其他参数含义同session.created。

{
    "event_id": "event_1234",
    "type": "session.updated",
    "session": {
        "id": "sess_001",
        "object": "realtime.session",
        "model": "gpt-4o-realtime-preview-2024-12-17",
        "modalities": ["text"],
        "input_audio_format": "pcm16",
        "input_audio_transcription": null,
        "turn_detection": {
            "type": "server_vad",
            "threshold": 0.5,
            "silence_duration_ms": 200
        }
    }
}

input_audio_buffer.speech_started

此事件仅在 VAD 模式下发送。当服务端在音频缓冲区中检测到语音开始时发送。

该事件可能在每次音频添加到缓冲区时发生（除非已检测到语音开始）。

参数	类型	说明
type	string	事件类型。固定为`input_audio_buffer.speech_started`。
event_id	string	事件ID。
audio_start_ms	integer	在会话期间，从音频开始写入缓冲区到首次检测到语音时的毫秒数。
item_id	string	将创建的用户消息项的 ID。

{
  "event_id": "event_B1lV7FPbgTv9qGxPI1tH4",
  "type": "input_audio_buffer.speech_started",
  "audio_start_ms": 64,
  "item_id": "item_B1lV7jWLscp4mMV8hSs8c"
}

input_audio_buffer.speech_stopped

此事件仅在 VAD 模式下发送。
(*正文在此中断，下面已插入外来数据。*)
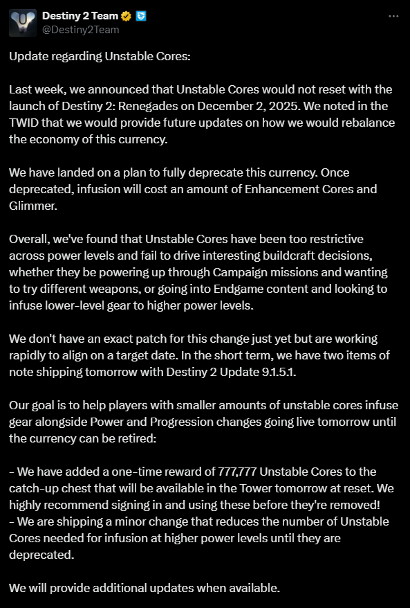 >https://x.com/Destiny2Team/status/1977874828293222508tl;dr
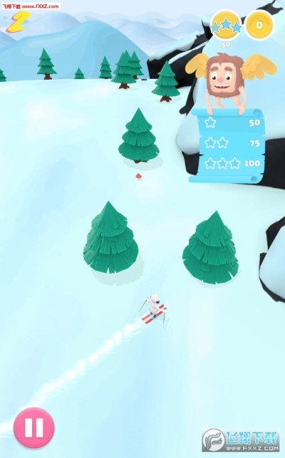 2、危险的地图上,散落大量金币,操控野人穿梭在树林之间,收集金币,无限升级野人的滑雪能力。
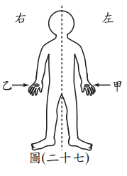 <單選題>圖(二十七)為人體注射藥劑的部位示意圖,關於藥劑從甲部位或乙部位注入人體的靜脈後,經由血液循環最先進入心臟腔室的敘述,下列何者最合理?Image
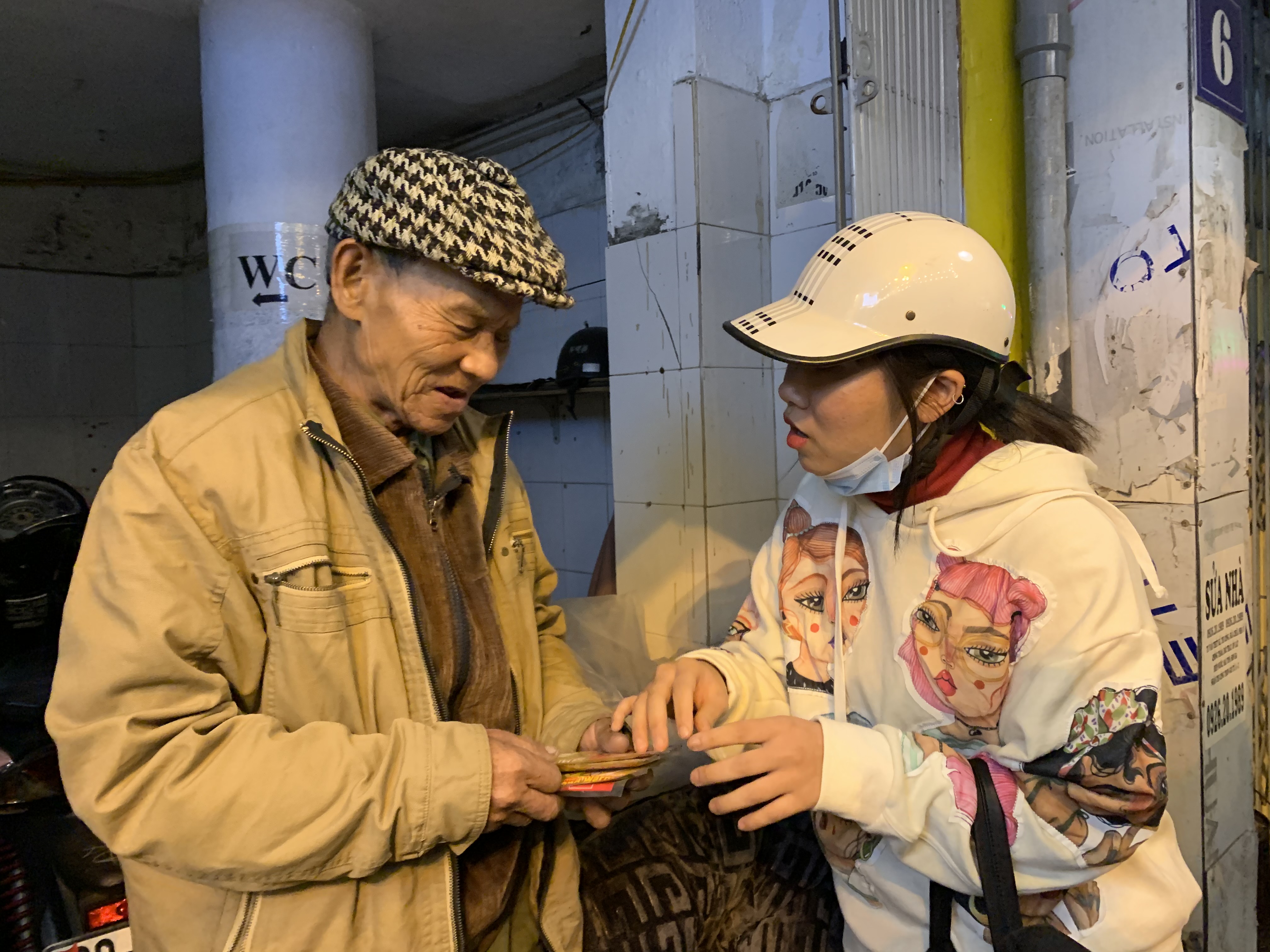 Tới góc phố Lê Duẩn, Nhóm từ thiện trao gói quà cho ông Nguyễn Văn Thịnh, hơn 70 tuổi, quê ở Phủ Lý, tỉnh Hà Nam. Lên Hà Nội đã được 6 năm, hàng ngày, ông Thịnh đi xin chai nhựa, giấy bìa sống, tối đến mượn vỉa hè làm nơi qua đêm. “Tôi ở nhờ cửa hàng này, họ đóng cửa dọn hàng là tôi trải chăn ra nằm. Tôi cũng không thấy lạnh đâu, có cái chăn này còn đang muốn cắt bớt đi, tôi không sợ rét. Sức khỏe thì lúc nào cũng phải lo nhưng mà giữ gìn được thì càng tốt. Con cháu có nhưng chúng nó nghèo không nuôi được tôi. Từ ngày bà nhà tôi mất, tôi chán, cứ yếu dần chống gậy không nổi, tôi theo mọi người lên Hà Nội thấy khỏe ra, Tết tư tôi mới về thôi”
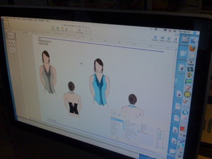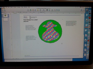 QEii High School Year 11 Textiles AQA GCSE class today put the finishing touches to their visualisations of their designs. Having earlier had their hand-drawn designs scanned in, they used the power of Adobe Photoshop Elements to clean up the drawings, select areas of colour, cut and paste to create layers, then apply embossing and other filters to create the effect of quilting. In some cases text and additional illustrations were added.
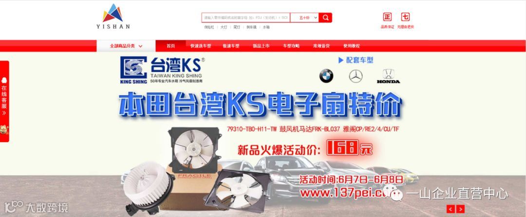 随着近几年互联网越来越普及,网络已经完全深入了人们的生活,互联网2.0时代正式到来,所以很多传统产业都进行了互联网+的升级,利用互联网的即时性和便捷性,现在人们已经可以足不出户做很多事情了,手指轻轻一点就能完成以往在线下要花几小时乃至几天的事,作为汽配行业中的佼佼者我们一山企业也早早认识到互联网的重要性和革命性,所以在很久以前开始成立互联网部门,建立互联网销售渠道。近几年增长的业绩和客户的良好反映证明了这一决定是十分正确的。所以今天我们就来给大家介绍我们一山电商的官方网站!
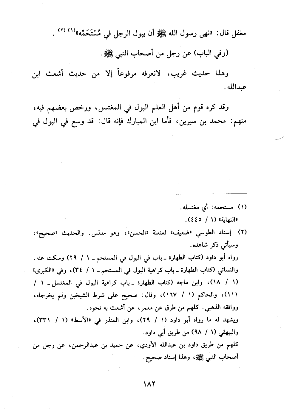 وَقَدْ كَرِهَ قَوْمٌ مِنْ أَهْلِ الْعِلْمِ الْبَوْلَ فِي الْمُغْتَسَلِ وَرَخَّصَ بَعْضُهُمْ فِيهِ مِنْهُمْ مُحَمَّدُ بْنُ سِيرِينَ فَأَمَّا ابْنُ الْمُبَارَكِ فَإِنَّهُ قَالَ قَدْ وُسِّعَ فِي الْبَوْلِ فِي
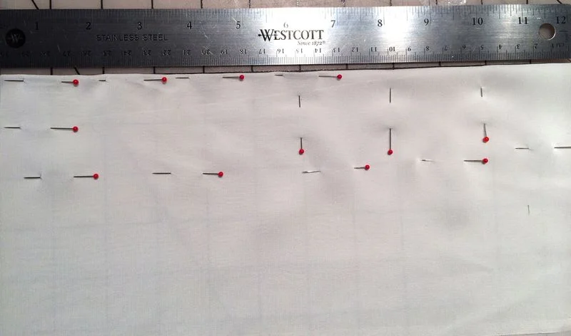 Only use silk pins on your fabric, they are much thinner and sharper and will not leave holes...Use them to mark you lines for the dart increments.
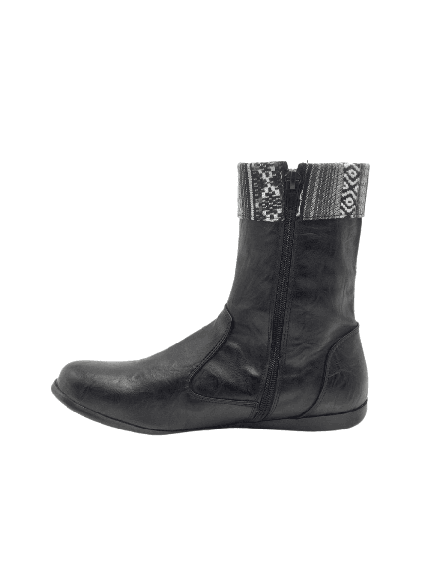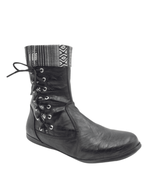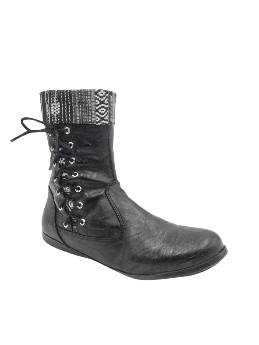 מגפי טומי מוברש שחור + פסים אתני
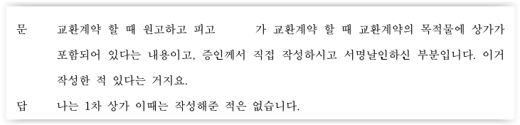 예를 들어 증인신문 도중 김숙자에게 장녀와 차녀의 교환계약 소송에서 김숙자가 서명날인하고 본인의 인감증명서까지 첨부한 사실확인서를 제시하였는데, 그 확인서에는 본 소송에서 장녀에게 불리한 내용이 담겨 있었습니다.
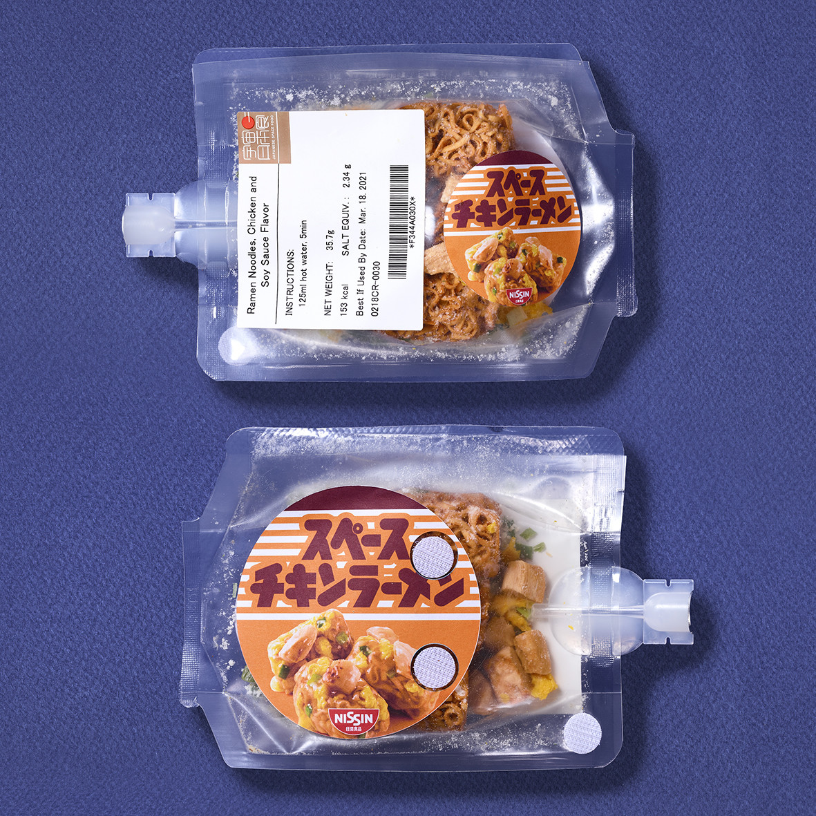 之前日清太空食品已經有杯麵、海鮮杯麵和咖哩杯麵,新進榜的食品則是是元祖雞拉麵、U.F.O炒麵(野口聰一指定開發)、咖哩燴飯及牛肉燴飯,麵體採整塊設計,湯包和醬油也增稠設計,在無重力的環境下也不會四處飛散,以特別的太空食品加工技術只要用70度熱水泡開即可食用,在太空站吃到熟悉的味道可以讓太空人紓解壓力。
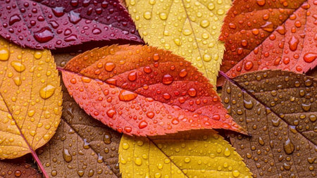 Close-up shot of a vibrant maple leaf glistening with morning dew. Rich autumn colors and intricate details are beautifully captured
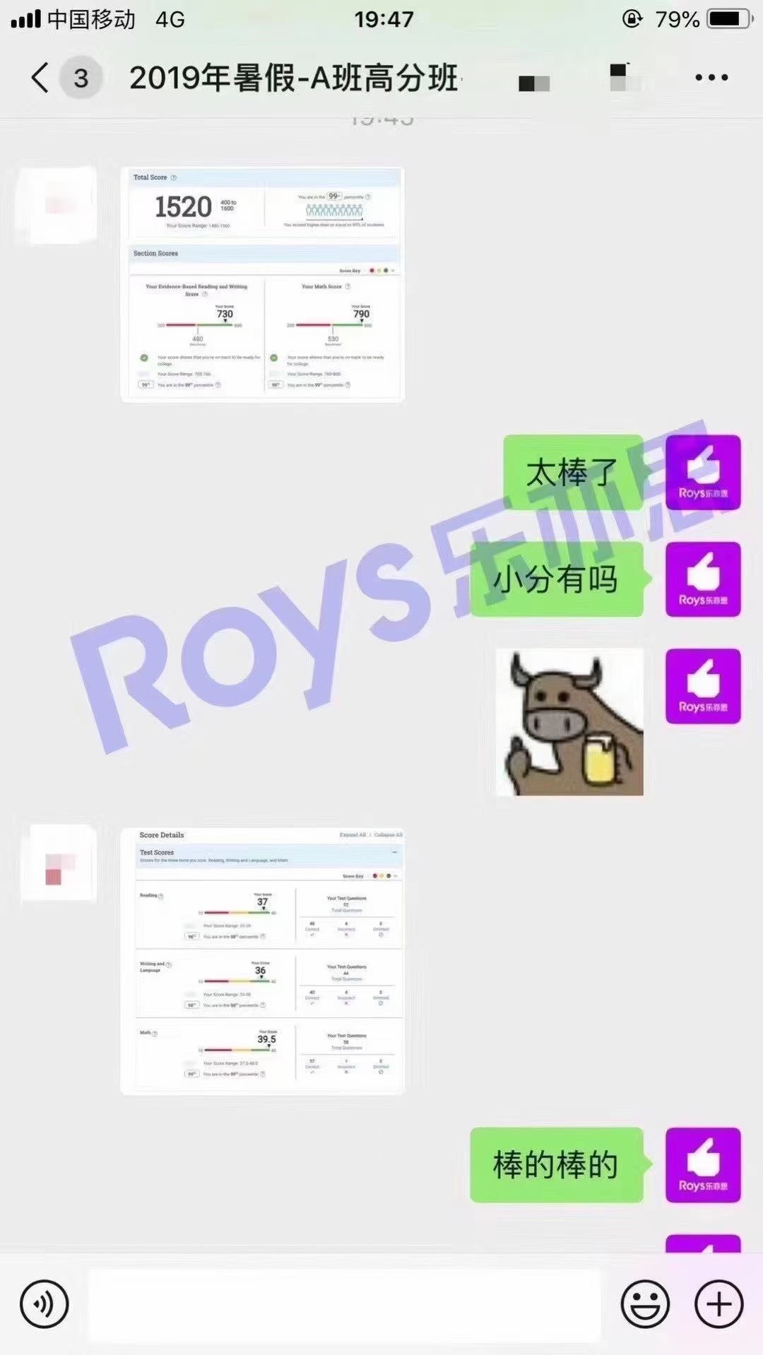 今天第3位我们Roys乐亦思8月高分员学是来美自高的W同学
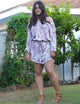 - 3/4 Sleeve Off Shoulder with a Flowing Elastic Waist and Ties
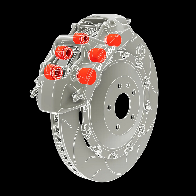 Brembo GT系列卡钳套件最明显特点在于其渐进式的制动反应和稳定的性能,对车辆悬挂要求较低。其6个制动
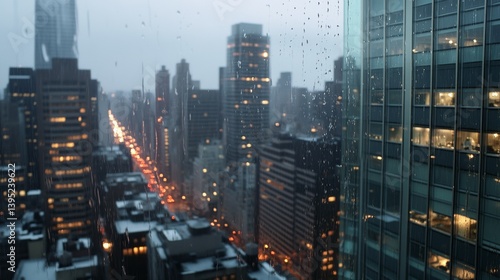 Obraz premium City lights glow in the distance through a rain-speckled window, capturing the essence of a bustling metropolis on a rainy evening.
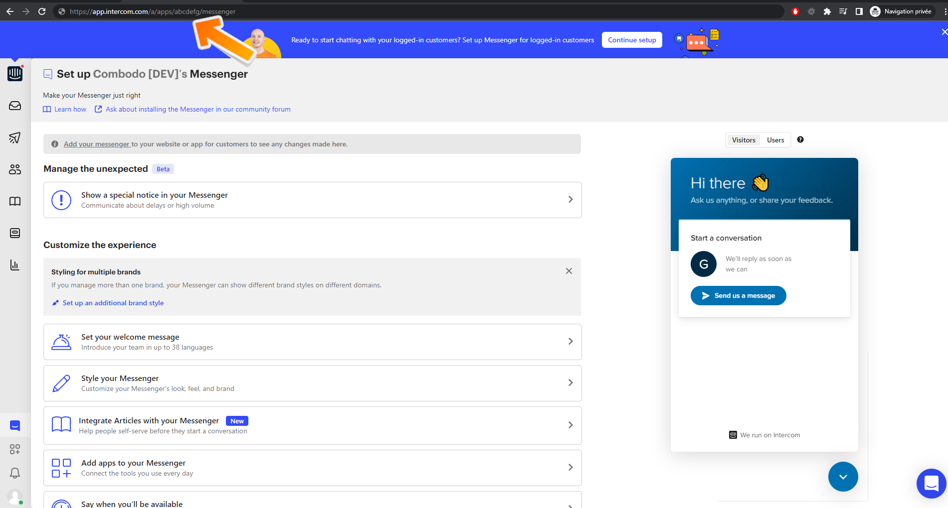 backoffice, on the “Messenger” page, then retrieve in the browser
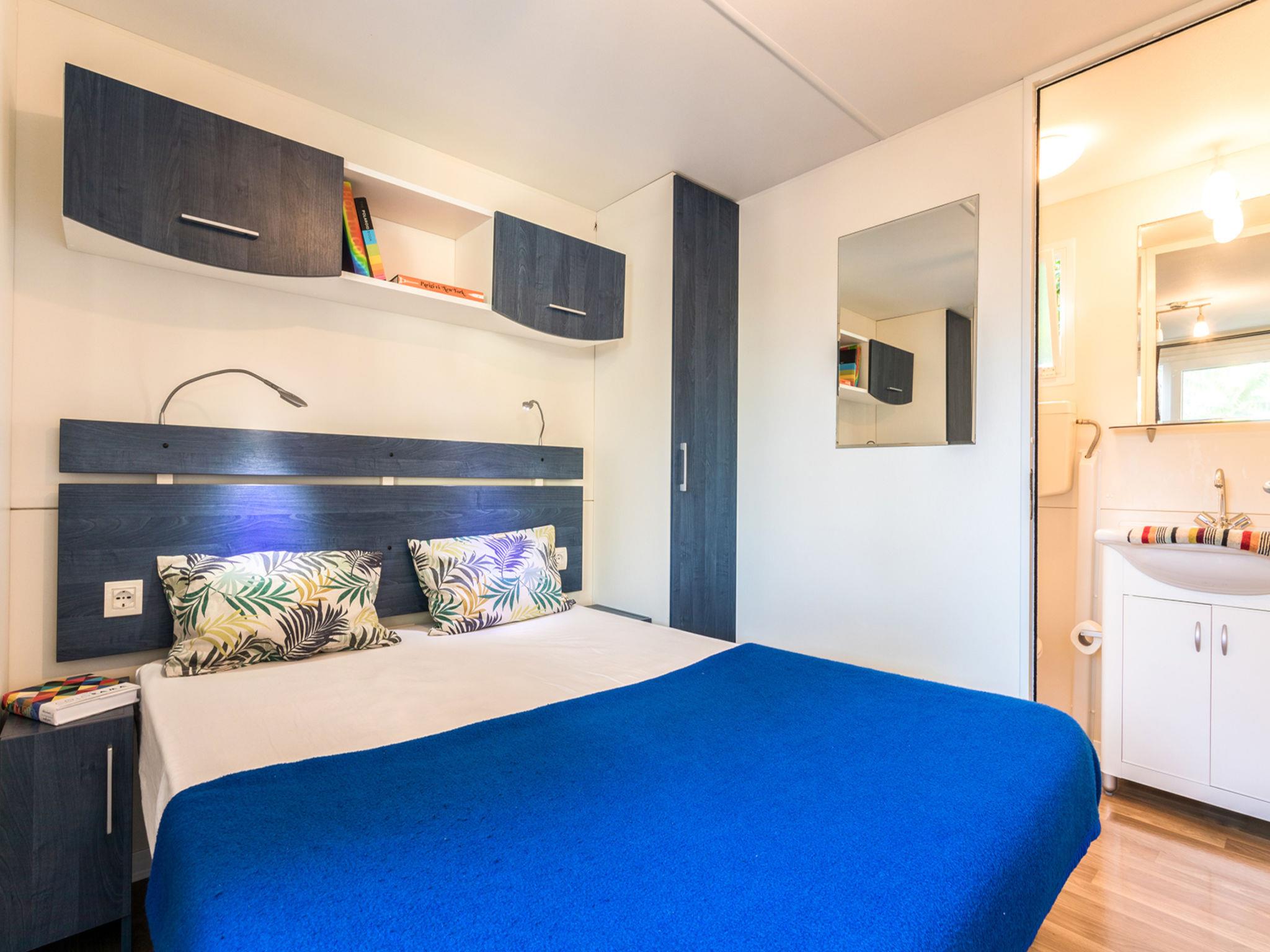 "Baia Comfort Superior", 3-room mobile home 32 m2. Practical furnishings: living/dining room with 1 sofabed, satellite TV and air conditioning. 1 room with 1 french bed (140 cm), shower/WC. 1 room with 2 beds (70 cm). Kitchenette (4 gas rings, freezer). Shower/WC. Air-conditioning (extra). Heating not available in all rooms. Terrace 10 m2, roofed. Terrace furniture. Parking (1 car). Please note: non-smoking house. Maximum 2 small pets/ dogs allowed. Bed layout is flexible. There are more sleeping options available than the maximum number of people allowed which may, however, not be exceeded.
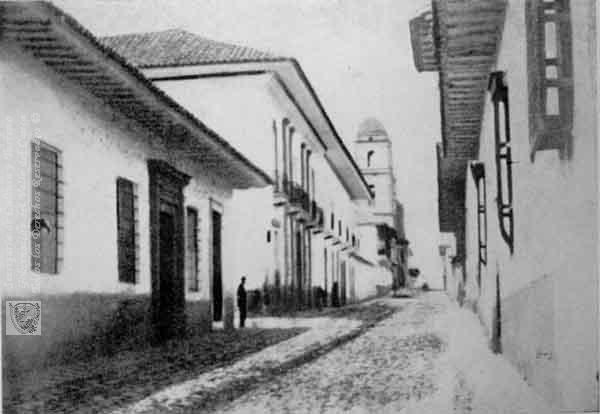 FOTO RIVERA Y GARRIDO (1885). Calle San Juan de Dios, Cali, 1885 & 102879. SANTIAGO DE CALI: Biblioteca Departamental Jorge Garces Borrero.

当服务端在音频缓冲区中检测到语音结束时发送。

该事件触发后，服务端将紧接着发送一个conversation.item.created事件，包含从音频缓冲区创建的用户消息项。

参数	类型	说明
type	string	事件类型。固定为`input_audio_buffer.speech_stopped`。
event_id	string	事件ID。
audio_end_ms	integer	从会话开始到语音停止的毫秒数。
item_id	string	当语音停止时将创建的用户消息项的 ID。

{
  "event_id": "event_B3GGEYh2orwNIdhUagZPz",
  "type": "input_audio_buffer.speech_stopped",
  "audio_end_ms": 28128,
  "item_id": "item_B3GGE8ry4yqbqJGzrVhEM"
}

input_audio_buffer.committed

VAD模式：当客户端完成音频数据发送（通过input_audio_buffer.append事件）后，服务端发送该事件。
非VAD模式：客户端完成音频数据发送（通过input_audio_buffer.append事件）并发送input_audio_buffer.commit事件后，服务端发送该事件。

参数	类型	说明
type	string	事件类型。固定为`input_audio_buffer.committed`。
event_id	string	事件ID。
previous_item_id	string	前一个对话项的ID
item_id	string	将创建的用户对话项的 ID。

{
    "event_id": "event_1121",
    "type": "input_audio_buffer.committed",
    "previous_item_id": "msg_001",
    "item_id": "msg_002"
}

conversation.item.created

当对话项（item）创建时发送该事件。

参数	类型	说明
type	string	事件类型。固定为`conversation.item.created`。
event_id	string	事件ID。
previous_item_id	string	前一个对话项的ID
item	object	要添加到对话中的条目。
item.id	string	对话项的唯一ID。
item.object	string	固定为 `realtime.item` 。
item.type	string	固定为`message`。
item.status	string	对话项的状态。
item.role	string	消息发送的角色。
item.content	array[object]	消息的内容。
item.content.type	string	固定为`input_audio`。
item.content.transcript	string	固定为`null`。完整的识别结果通过conversation.item.input_audio_transcription.completed事件提供。

{
  "type": "conversation.item.created",
  "event_id": "event_B3GGKbCfBZTpqFHZ0P8vg",
  "previous_item_id": "item_B3GGE8ry4yqbqJGzrVhEM",
  "item": {
    "id": "item_B3GGEPlolCqdMiVbYIf5L",
    "object": "realtime.item",
    "type": "message",
    "status": "completed",
    "role": "user",
    "content": [
      {
        "type": "input_audio",
        "transcript": null
      }
    ]
  }
}

conversation.item.input_audio_transcription.text

此事件会高频发送，用于展示实时识别结果。

参数	类型	说明
type	string	事件类型。固定为`conversation.item.input_audio_transcription.text`。
event_id	string	事件ID。
item_id	string	关联的对话项ID。
content_index	integer	包含音频的内容部分的索引。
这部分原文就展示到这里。